Results and feedback

Claude evaluates the model’s response as 7.5/10. with this feedback:

While the model provided a functionally correct solution, it delivered a “tutorial-grade” fix rather than a “production-grade” implementation. This indicates that for complex concurrent programming tasks, human expertise is still crucial for robust system design.

After experimenting with the model, it gets the job done, but often requires follow-up prompts to improve the response. While it doesn’t struggle with understanding the task at hand and can correct most critical bugs, it still lacks some of the strengths seen in models like ChatGPT and Claude, particularly in areas such as error handling, resource management, and optimization. I believe these may be the model’s key weaknesses.

Specialized LLMs: A New Era in AI

It’s fascinating to witness the emergence of relatively small, domain-specific language models that can run locally. I believe we’re entering an exciting new era of specialized LLMs, and this is just the beginning. While the concept isn’t new, we’re finally seeing models that truly excel in specific domains.

The combination of RAG (Retrieval-Augmented Generation) and specialist LLMs could define the AI landscape in the coming months/years. We’re likely to see more powerful coding-focused models from industry leaders like OpenAI and Anthropic. Programming is perhaps one of the most natural domains for specialized AI, and we might soon see even more focused models, imagine LLMs specifically optimized for DevOps or front-end development!

Don’t feel overwhelmed by these rapid advances. Yes, it can be somewhat daunting to see LLMs mastering skills that traditionally took years to develop.

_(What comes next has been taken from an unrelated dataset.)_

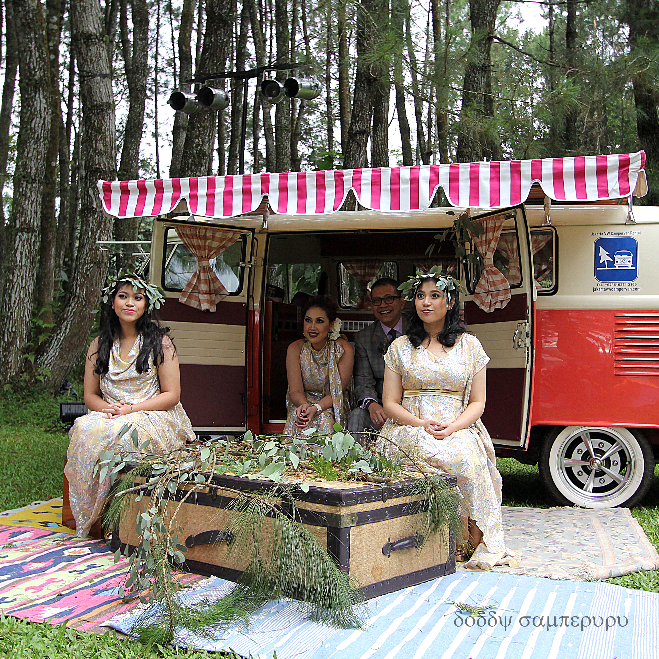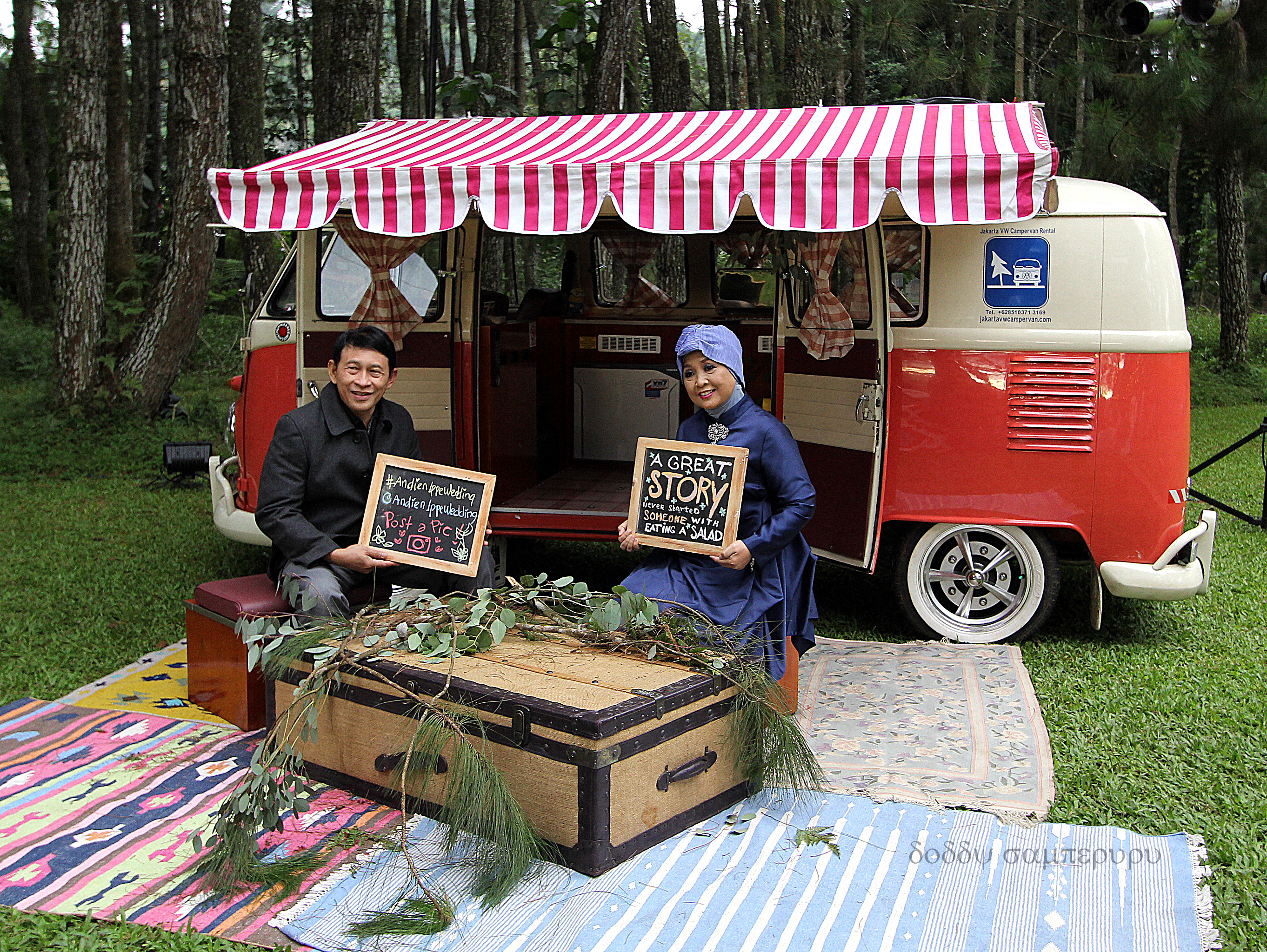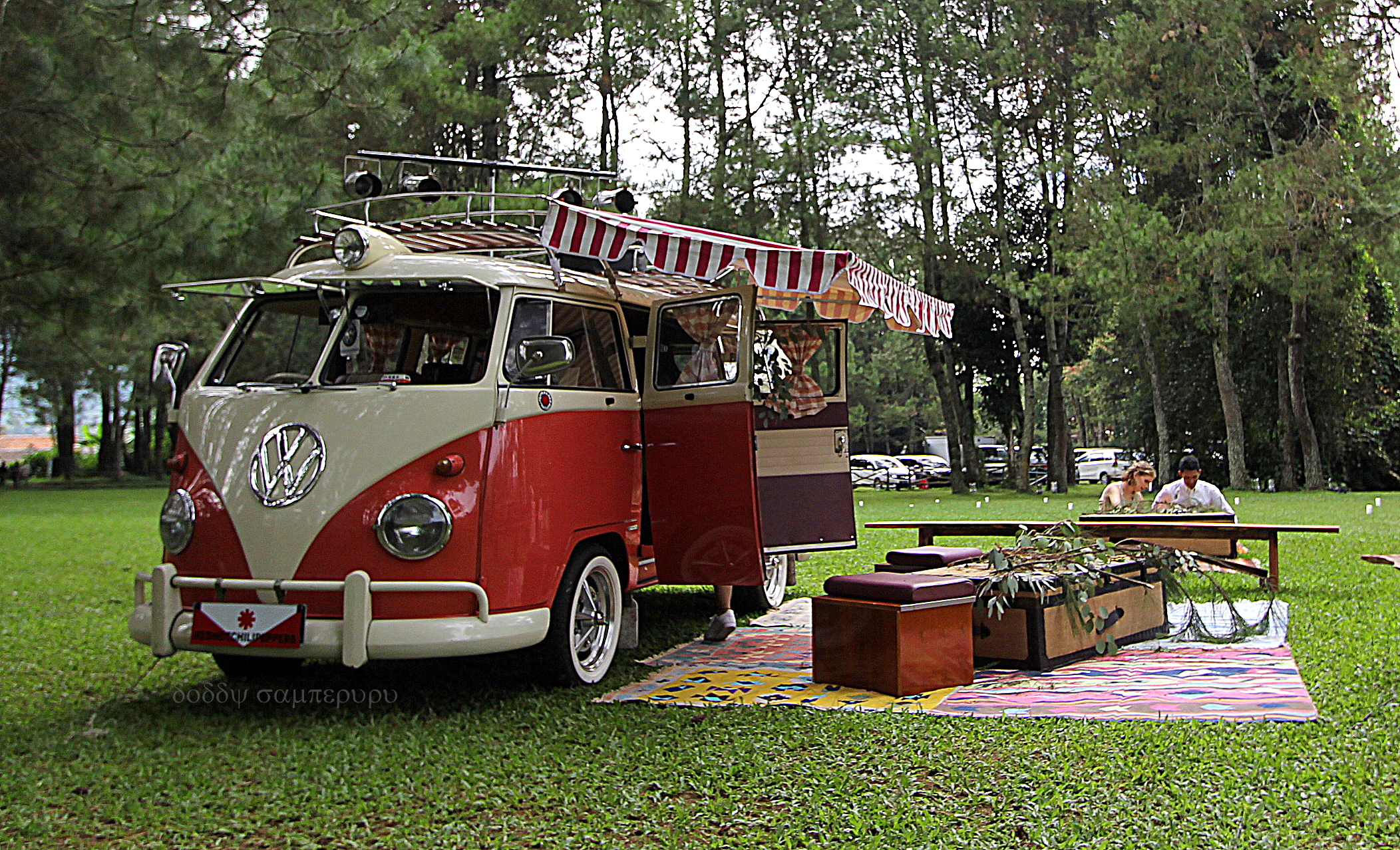 Jakarta VW Campervan provided the Red Hot Chili Peppers VW Campervan for a photo-booth during the wedding, as part of decoration services by Airy Designs. The event took place all day long at the Pine Forest, a cool camping-glamping ground at 1200asl several kilometers from Maribaya, north of Bandung. This is a photo essay to show the wedding & the vintage photo-booth using a classic VW Campervan.

Coding, which has challenged humanity for decades, is being transformed before our eyes. But rather than seeing this as an endpoint, we should view it as an opportunity for growth and innovation.

Whether the current wave of LLM advances slows down in the coming years or this is merely the beginning of a longer journey, our response should remain the same: stay curious, keep learning, and never stop innovating. The future of technology is being written right now, and we all have a part to play in shaping it.